Pourtant, tout paraissait simple et dès 1947, soit deux ans après la fin de la guerre en Europe, l’Italie s’était engagée à rendre à l’Ethiopie l’obélisque, le seul qui tenait encore debout sur le site antique d’Axoum. Les autres obélisques du site gisent tous par terre.

Mais l’Italie n’a pas tenu ses promesses et l’obélisque n’est pas prêt de rejoindre sa terre natale. Le ministre italien de la culture Vittorio Sgarbi, une sorte de caricature bien connue pour ses positions tranchées sur l’art contemporain qu’il refuse de financer, multiplie les provocations à l’encontre du gouvernement éthiopien, affirme dans un discours très imagé que l’obélisque est maintenant « un citoyen italien naturalisé ». Il est donc hors de question de le rendre. Il arrive même à Vittorio Sgarbi de pousser des phrases plus humiliantes encore, comme celle qui veut que « les Ethiopiens devraient mesurer leur chance d’avoir une vitrine dans la ville éternelle du riche monde occidental. »
L’Ethiopie n’a pas de chance : avec le gouvernement actuel dirigé par l’affairiste Silvio Berlusconi, l’obélisque d’Axoum n’a presque pas de chances de revenir en Afrique de l’est.

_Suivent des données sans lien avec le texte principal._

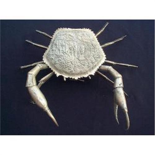 Early 20th. century silver art in shape of a large crab. The legs and claws are articulated and move independently. The body is in shape of a box that opens and could be used as concealed jewelry box. The top (lid) of the box has an incised, chiseled and hammered figural design of 3 persons in a pavilion garden. Beautiful patina highlights the intricate design. Dimensions: 14 x 12 inches. The box measures 5.5 x 4.5 inches with a depth of 2 inches. Intact and choice rare silver item. Estimated value: $3000.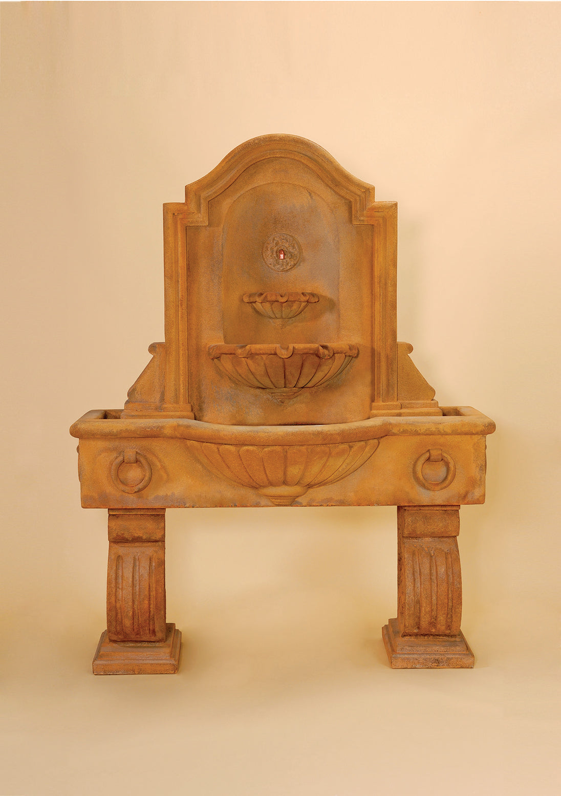 Bring classic European elegance to your courtyard or garden with the Anduze Tall Wall Fountain by Giannini Garden. Featuring a tall, architectural backplate with sculpted tiered bowls and decorative detailing, this freestanding design offers a dramatic focal point with the gentle sound of cascading water.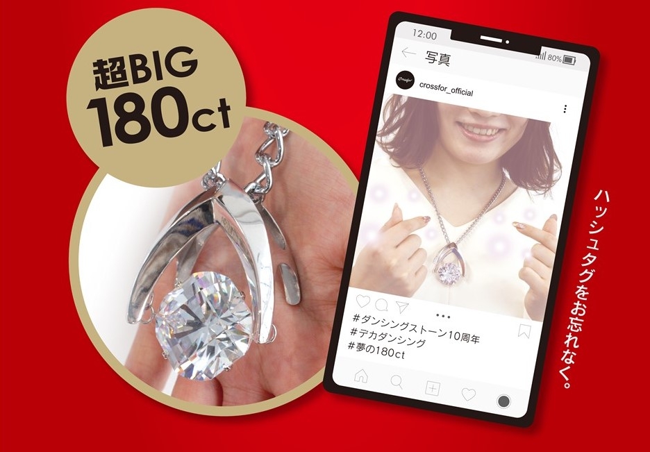 店頭にある180ct相当の超Bigダンシングストーンネックレスを着用し、ハッシュタグをつけてSNSに投稿で応募完了!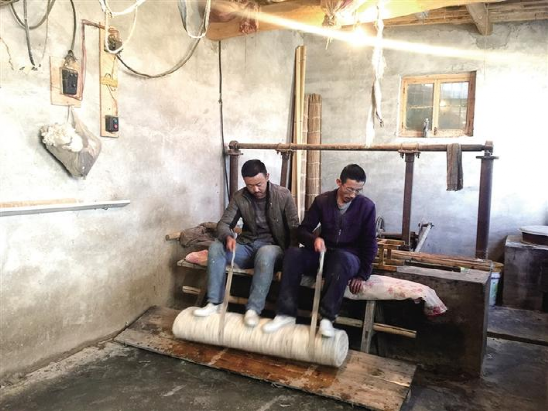 耐心等待過(guò)后,到了大家常說(shuō)的“洗氈”步驟,作為搟氈中最重要的一個(gè)環(huán)節(jié),需兩人坐在木凳上,利用手中的帶子,兩人同步,反復(fù)蹬拉100多次,灑上大量熱水,直到把羊毛上的油脂等污物洗干凈,之后經(jīng)過(guò)搓氈邊、曬氈,最終交付到顧客手里,一塊羊毛氈就算順利地完成了。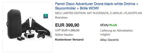 Bei eBay wird aktuell das Parrot Disco FPV Drohne-Bundle aus Drohne, Skycontroller, Brille, Rucksack, 2 Akkus und Flightplan App NEU&OVP für 399,90€ inkl. Versand angeboten. Parrot Disco FPV Drohne:Autopiloten unterstützte Steuerung/Flugplan 1080P Full-HD-Kamera mit digitalem 3-Achsen-Bildstabilisator Immersionsflug in FPV Spannweite von 115 cm und Gewicht von 750 g 45 Minuten Akkulaufzeit 80 KM/H Höchstgeschwindigkeit Lieferumfang: Parrot DISCO, Parrot Skycontroller 2, Parrot Cockpitglasses, Rucksack Parrot Disco, 1 Voucher FlightPlan In-App, 2 Akkus (inkl. 1 Reserve-Akku), 1 Ladegerät mit Kabeln, 1 Reservepropeller, 1 Smartphone- und Tablet-Halterung, 1x USB-Kabel und 1x Bedienungsanleitung Amazon Kunden haben diese Drohne mit 3,6 Sternen bewertet (31 Kundenrezensionen).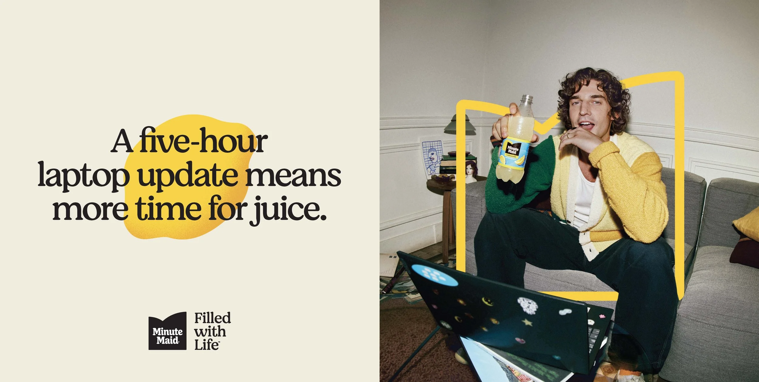 The juice category has been in a sea of sameness for a long time. Families, farms, and families on farms. Our mission: In a world dulled by routine, we’ll be a beacon of vitality, passing out vibe shifts 😎 with every interaction, and making people's dullest routine moments brighter.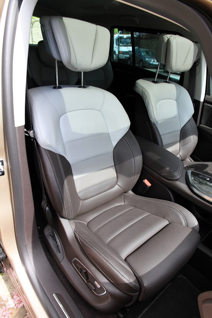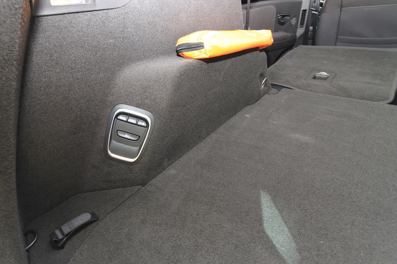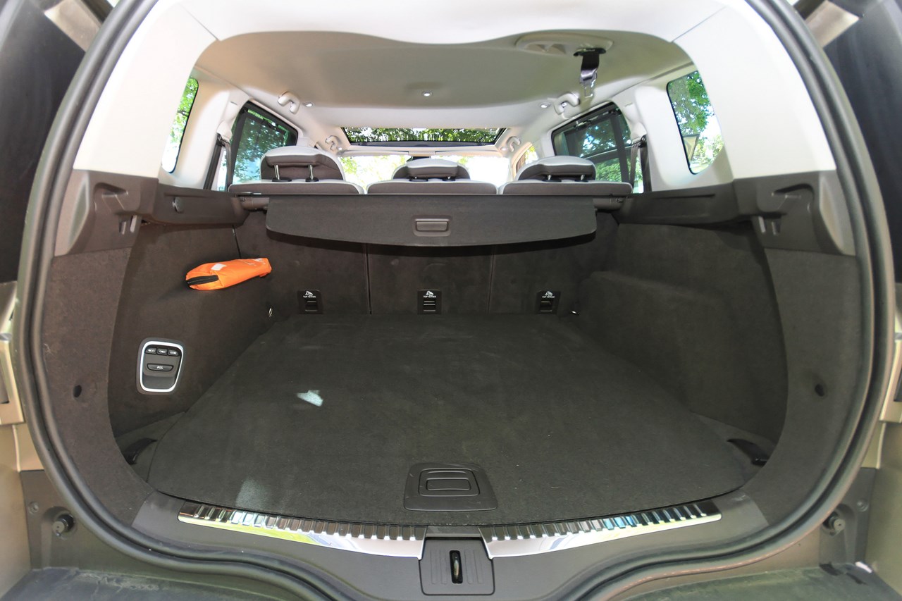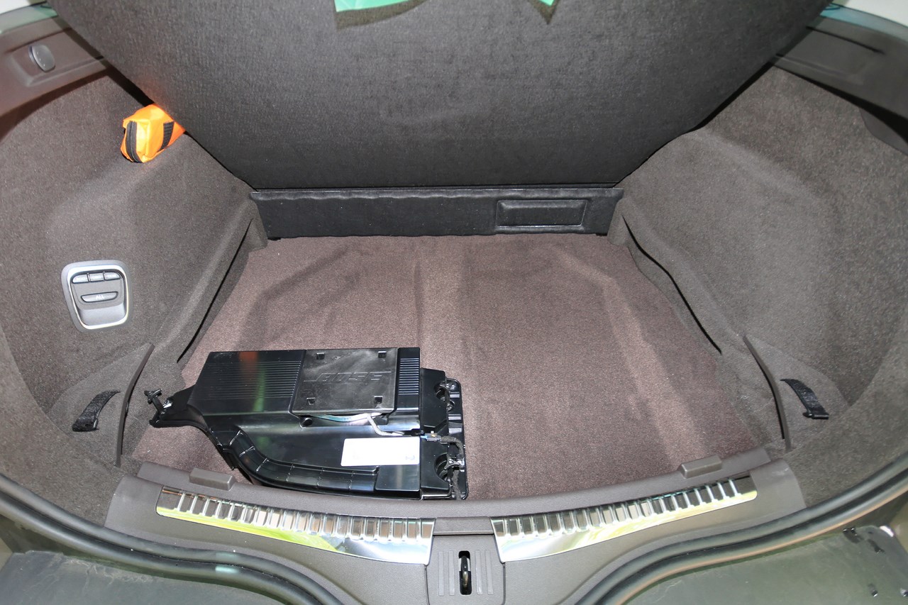 L’Initiale Paris est doté du plus haut niveau de finition. L’habitacle de notre Espace est tendu d’un cuir nappa pleine fleur (gris lune/Brun foncé) qui recouvre les sièges et les contre-portes. Ce raffinement se retrouve aussi à l’arrière avec des sièges escamotables et coulissants (sur 4 cm), équipés de la “Modularité One Touch”. Cet équipement permet de faire l’impasse sur les contraignants sièges démontables des générations précédentes et permet, selon les versions (5 où 7 places), de rabattre individuellement ou ensemble les sièges dans le plancher. Cette action s’opère depuis le poste de conduite (sur l’écran tactile de la tablette) ou, depuis le compartiment à bagages via une commande dédiée. Seul point négatif de cette dotation, en configuration deux places, l’intégration des sièges dans le plancher réduit la capacité du coffre à 2101 l en version cinq places et 2035 l en sept places. Avec près d’un mètre perdu par rapport au grand Espace 4 (3000 l), l’Espace 5 est incontestablement moins logeable.

Meles Zenawi, le président éthiopien, a passé son enfance à Axoum. Il se rappelle de l’obélisque, avant que Benito Mussolini ne le prenne pour sa splendeur romaine, et multiplie les démarches pour forcer un geste de l’Italie. Seulement, l’Ethiopie n’est rien pour l’Italie, au point que Silvio Berlusconi se permet refuse d’entendre le président éthiopien, lorsque ce dernier est à Rome et lui demande audience. Pour lui, ce n’est qu’un peu de bruit pour rien, et il ne veut pas l’entendre.

Les Ethiopiens se mobilisent alors : ils signent des pétitions qu’ils font passer aux consulats d’Italie, comme cela vient de se passer à Djibouti. Mais là aussi, cette démarche ne risque pas d’aboutir. Le rapport de force est trop inégal.

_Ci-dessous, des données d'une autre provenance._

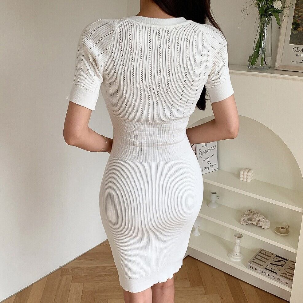 レディース ワンピース ニットワンピ 膝丈 膝上 ミディ ミドル 半袖 スクエアネック 襟なし ノーカラー タイト スリム 細身 スマート ウエストマーク ハイウエスト 伸縮性 切り替えデザイン 飾りボタン 大人可愛い きれいめ シンプル カジュアル おしゃれ こなれ感 エレガント 抜け感 都会的 セクシー 色気 センシュアル 無地 春 夏 デート お出かけ イベント リゾート 旅行 休日 合コン コンパ クラブ キャバ 韓国 オルチャン コーデ 脚長 普段使い 小さいサイズ ワンサイズ 白 ホワイト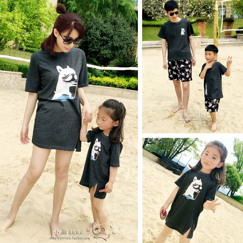 South Korean seaside beach holiday large size pro-sub-dress summer dress mother woman skirt and son T-shirt family of three families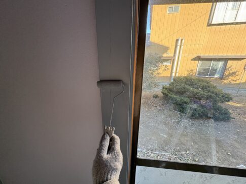 つくば市の住宅室内塗装工事現場で、木枠をグレーで塗りました!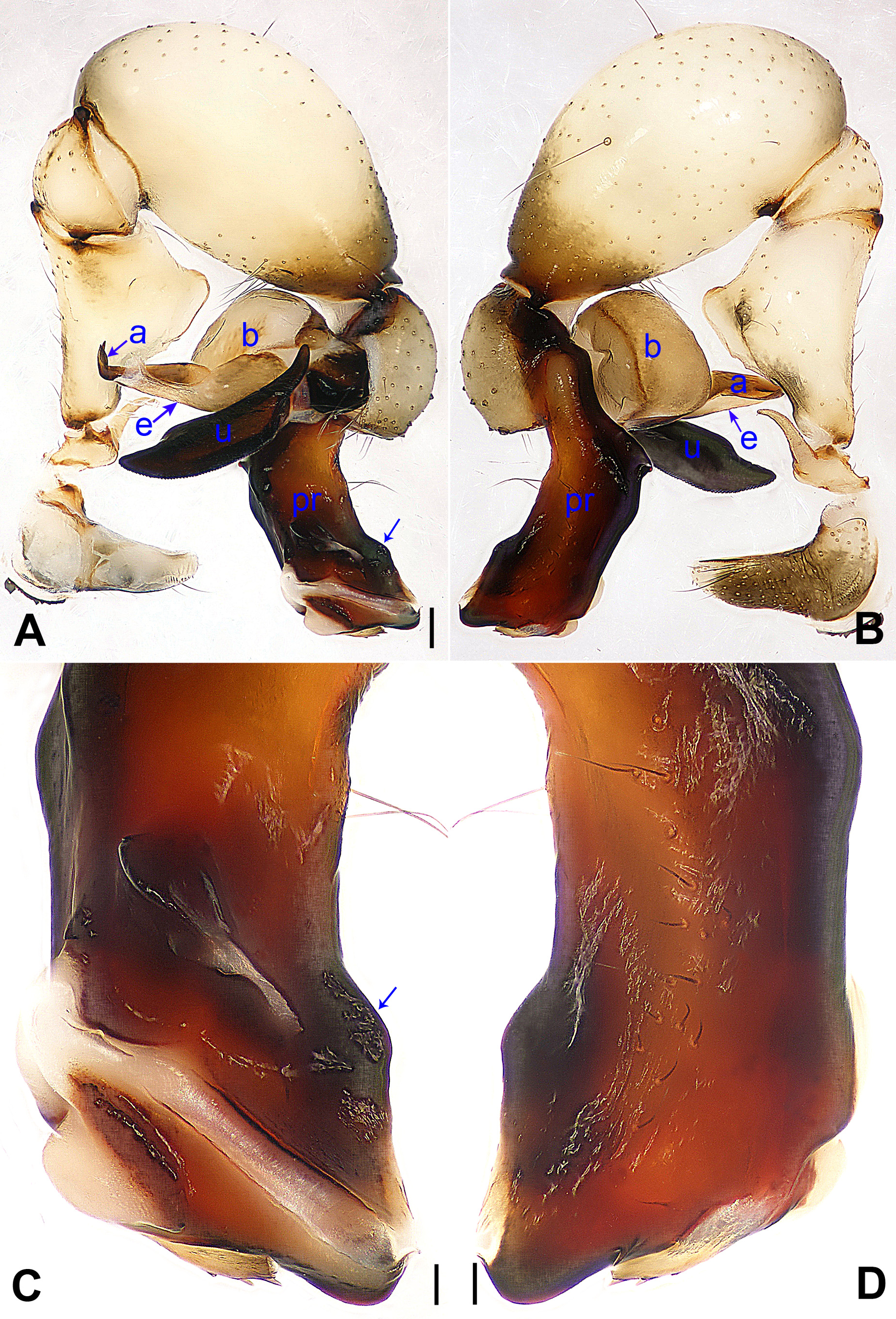 FIGURE 9. Pholcus krachensis sp. nov., holotype male. A–B. Pedipalp (A. Prolateral view, arrow points at indistinct dorsal apophysis subdistally on procursus; B. Retrolateral view); C–D. Distal part of procursus (C. Prolateral view, arrow points at indistinct dorsal apophysis subdistally on procursus; D. Retrolateral view). a = appendix, b = bulb, e = embolus, pr = procursus, u = uncus. Scale bars: 0.15 (A–B), 0.05 (C–D).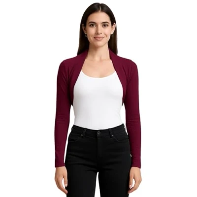 STAR FASHION Womens Long Sleeve Bolero Shrug Ladies Mini Blouse Open Front Cropped Top Lightweight Summer Cardigans Jacket Wine 12 14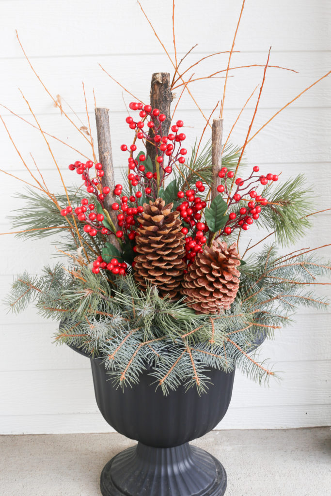 Inspiration for these outdoor planters came after a tree trimming yard project this fall.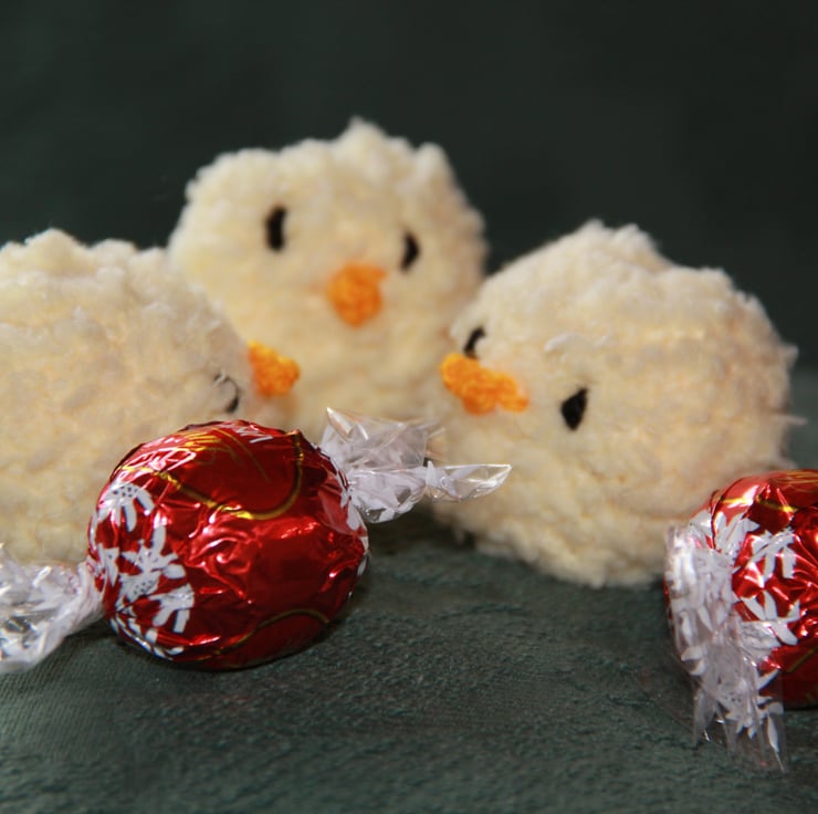 A bundle of fluffy yellow chicks with bright orange beaks, just big enough to hold a little sweet treat such as a few small eggs, a Ferrero Rocher or Lindor chocolate. Lovely to give as an inexpensive Easter treat without too much chocolate! I can knit these in white or pink too if you want to jazz things up a bit!

Pourtant, l’obélisque ne représente rien en Italie. Son sort indiffère les populations, si ce n’est pour des questions de prestige. Il ne fait pas partie de l’histoire de ce pays, et certainement pas de leur culture. Pour les Ethiopiens, au contraire, l’obélisque représente le temps de leur splendeur, celui de l’empire chrétien d’Ethiopie, de rois puissants qui se permettaient d’aller combattre de l’autre côté de la mer Rouge, au Yémen.

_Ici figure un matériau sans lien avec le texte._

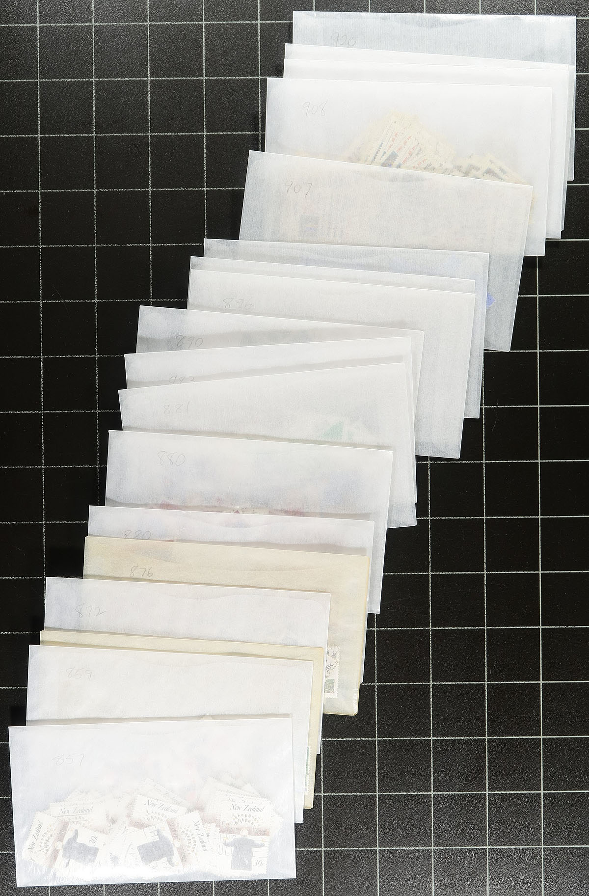 Shoebox with mint and (mostly) used issues. The mint might be from a collection that was taken out of its album and now resides in several #10 envelopes (we pulled out some better-looking items to give you a sense of what is there). Most is hinged, and condition is a bit mixed, but there is lots of catalogue value here. Comes with a couple of heavily duplicated mint issues not considered in our estimate. The used is mostly 40c era issues with at least a dozen stamps for each issue represented. Lots of birds, with some medium to higher values, such as 30 copies of the $10.00 Kiwi. Bonus is four #10 envelopes with "Private Courier" issues. Fills a shoebox. Lots of exploring here. Estimate =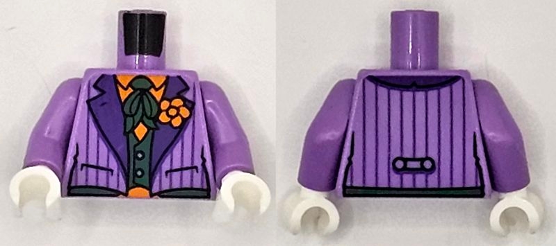 Torso Suit Jacket with Dark Purple Lapels and Stripes and Orange Flower over Shirt and Dark Green Vest and Tie Pattern / Medium Lavender Arms / White Hands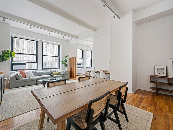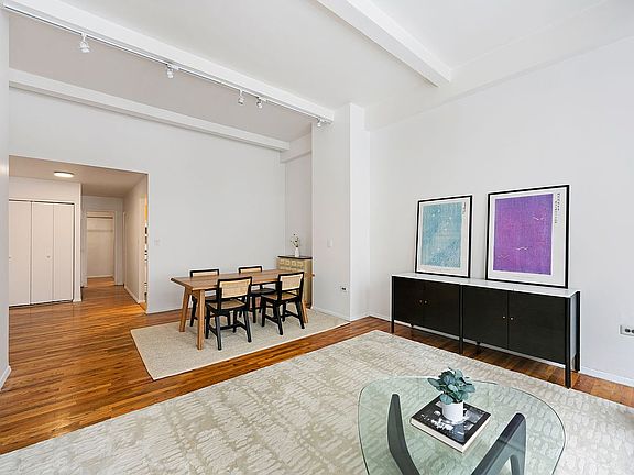 The layout flows with well-zoned living, dining, and work areas that invite creativity in layout. A sublime feature of the apartment is its enormous walk-in closet, thoughtfully designed with three tiers of hanging space, accommodating everything in a plentiful yet discerning wardrobe. There is also additional ceiling height that can be recaptured over the foyer, kitchen, secondary closets, and bathroom which can be used for storage or creating an even loftier vibe.

Cette histoire risque de mal se terminer, et l’Ethiopie d’être humiliée encore souvent par les propos des gouvernements italiens. Le président Meles Zenawi en appelle à la communauté internationale pour faire pression sur l’Italie, mais je doute que les autres pays d’Europe souhaitent soutenir l’Ethiopie.
Il y aurait trop à perdre et la France, l’Allemagne ou l’Angleterre doivent craindre de se retrouver un jour dans la tourmente, que des pays du Proche-Orient ou d’Afrique réclament à leur tour des œuvres d’art volées pendant la colonisation. La Turquie est à l’affût : elle s’apprête à réclamer le trésor de Priam volé à Troie par des archéologues allemands au dix-neuvième siècle, la Grèce voudrait que les frises du Parthénon, aujourd’hui à Londres, puissent retrouver Athènes, et ainsi de suite. Peut-être faut-il comprendre ainsi les propos bienveillants, jamais polémistes, des journalistes occidentaux lorsqu’ils doivent parler de l’obélisque d’Axoum.

Il est possible que le retour de l’obélisque d’Axoum en Ethiopie, s’il avait lieu un jour, crée un précédent fâcheux pour les Etats européens qui ont pendant longtemps spoliés les richesses des pays conquis. Peut-être est-ce de cela que la France ou la Grande-Bretagne ont peur, et peut-être est-ce pour cette raison qu’ils n’ont pas envie de soutenir l’Ethiopie.